* _Task directions_: Given the records underneath, please repeat exactly the lines from the line with "Мужской жилет Ткань" through the line with "日前,经运城市委批准,运城市", passing over any picture.

* _Source material_:
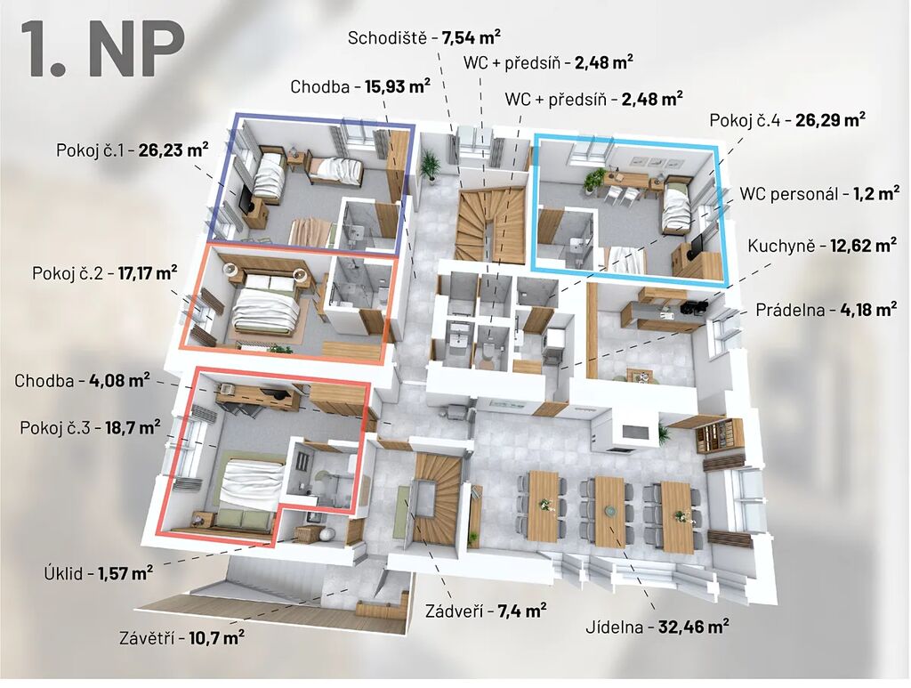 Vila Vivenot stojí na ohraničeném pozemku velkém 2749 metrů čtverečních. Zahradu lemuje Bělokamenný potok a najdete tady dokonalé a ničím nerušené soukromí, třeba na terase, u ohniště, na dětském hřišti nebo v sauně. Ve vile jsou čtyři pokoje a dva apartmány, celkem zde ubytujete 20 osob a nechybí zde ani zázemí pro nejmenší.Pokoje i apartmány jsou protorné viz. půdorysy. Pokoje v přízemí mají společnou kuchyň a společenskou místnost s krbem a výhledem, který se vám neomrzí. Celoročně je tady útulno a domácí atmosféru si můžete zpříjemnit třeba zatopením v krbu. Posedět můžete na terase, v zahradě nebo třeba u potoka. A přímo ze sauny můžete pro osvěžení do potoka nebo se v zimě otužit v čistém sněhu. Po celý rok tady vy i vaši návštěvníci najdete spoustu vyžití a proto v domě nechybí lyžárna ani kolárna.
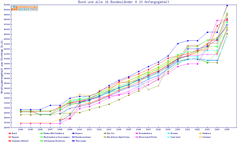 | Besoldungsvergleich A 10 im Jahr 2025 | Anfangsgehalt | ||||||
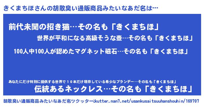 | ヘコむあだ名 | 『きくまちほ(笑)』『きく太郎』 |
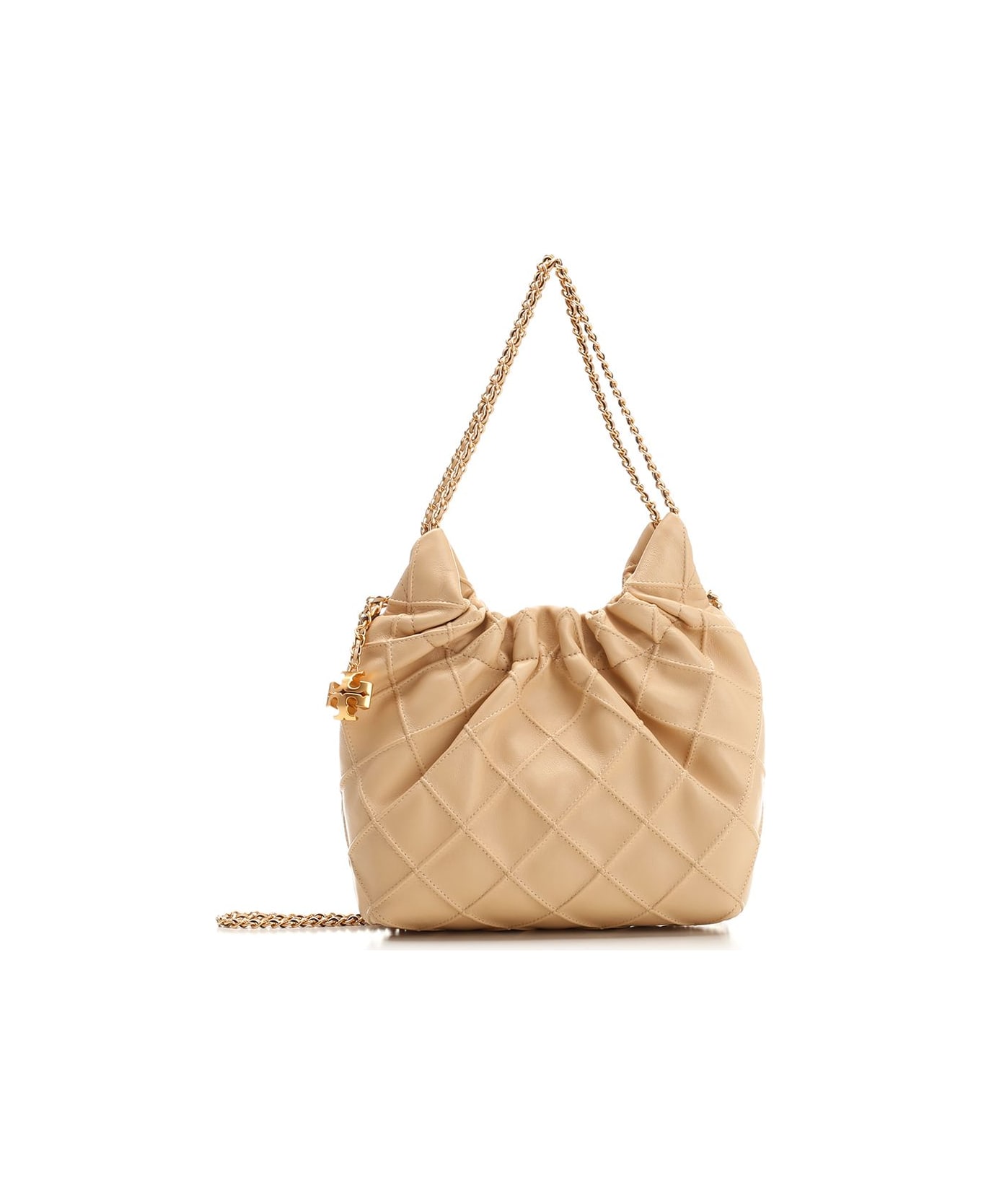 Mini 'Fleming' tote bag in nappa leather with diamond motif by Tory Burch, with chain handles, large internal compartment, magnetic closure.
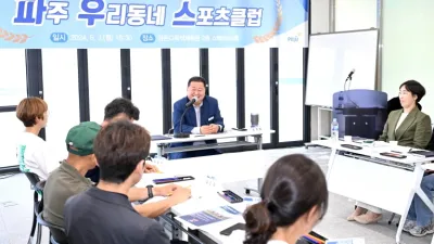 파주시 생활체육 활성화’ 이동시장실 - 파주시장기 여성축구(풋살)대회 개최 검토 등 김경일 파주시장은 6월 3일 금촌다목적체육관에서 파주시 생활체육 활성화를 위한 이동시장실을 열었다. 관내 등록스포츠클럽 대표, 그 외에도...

==

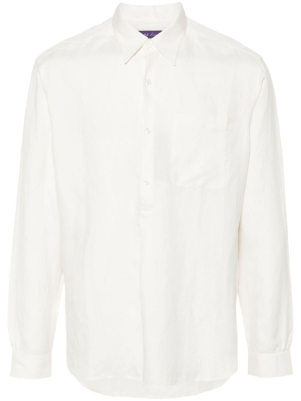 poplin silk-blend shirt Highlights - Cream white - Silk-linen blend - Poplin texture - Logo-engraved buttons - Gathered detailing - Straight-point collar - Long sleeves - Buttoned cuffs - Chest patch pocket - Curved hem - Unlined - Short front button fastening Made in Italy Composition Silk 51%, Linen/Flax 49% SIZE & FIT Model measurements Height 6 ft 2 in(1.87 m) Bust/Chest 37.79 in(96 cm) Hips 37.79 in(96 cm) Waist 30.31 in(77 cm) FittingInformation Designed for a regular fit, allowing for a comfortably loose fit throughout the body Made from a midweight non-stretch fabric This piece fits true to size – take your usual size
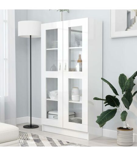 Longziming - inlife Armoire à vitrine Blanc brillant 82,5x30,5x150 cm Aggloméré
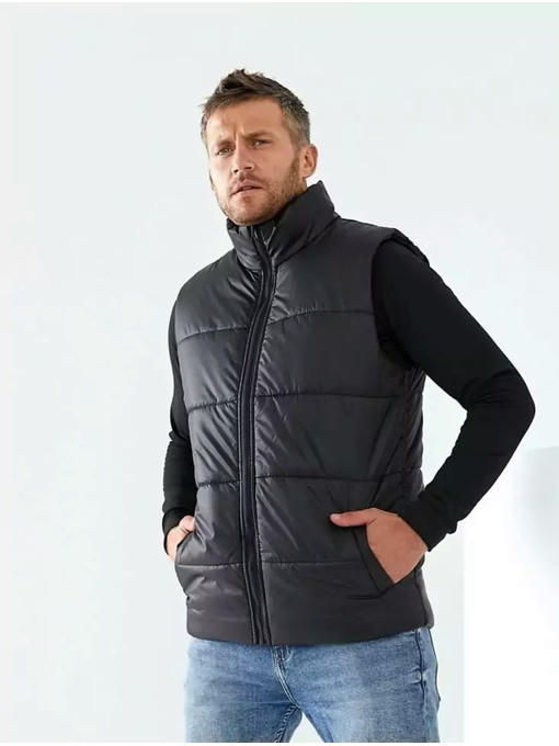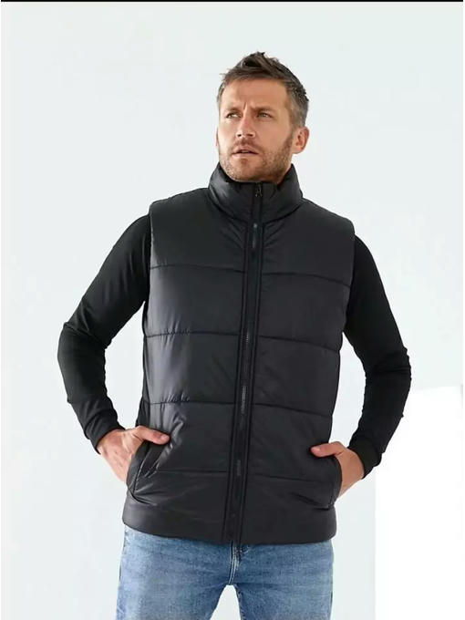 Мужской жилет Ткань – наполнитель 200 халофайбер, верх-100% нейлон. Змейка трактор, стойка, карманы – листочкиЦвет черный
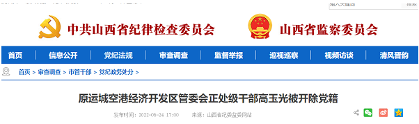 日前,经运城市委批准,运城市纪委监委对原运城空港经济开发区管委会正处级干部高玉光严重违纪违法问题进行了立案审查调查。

* _Completed exercise_:
 Мужской жилет Ткань – наполнитель 200 халофайбер, верх-100% нейлон. Змейка трактор, стойка, карманы – листочкиЦвет черный
 日前,经运城市委批准,运城市纪委监委对原运城空港经济开发区管委会正处级干部高玉光严重违纪违法问题进行了立案审查调查。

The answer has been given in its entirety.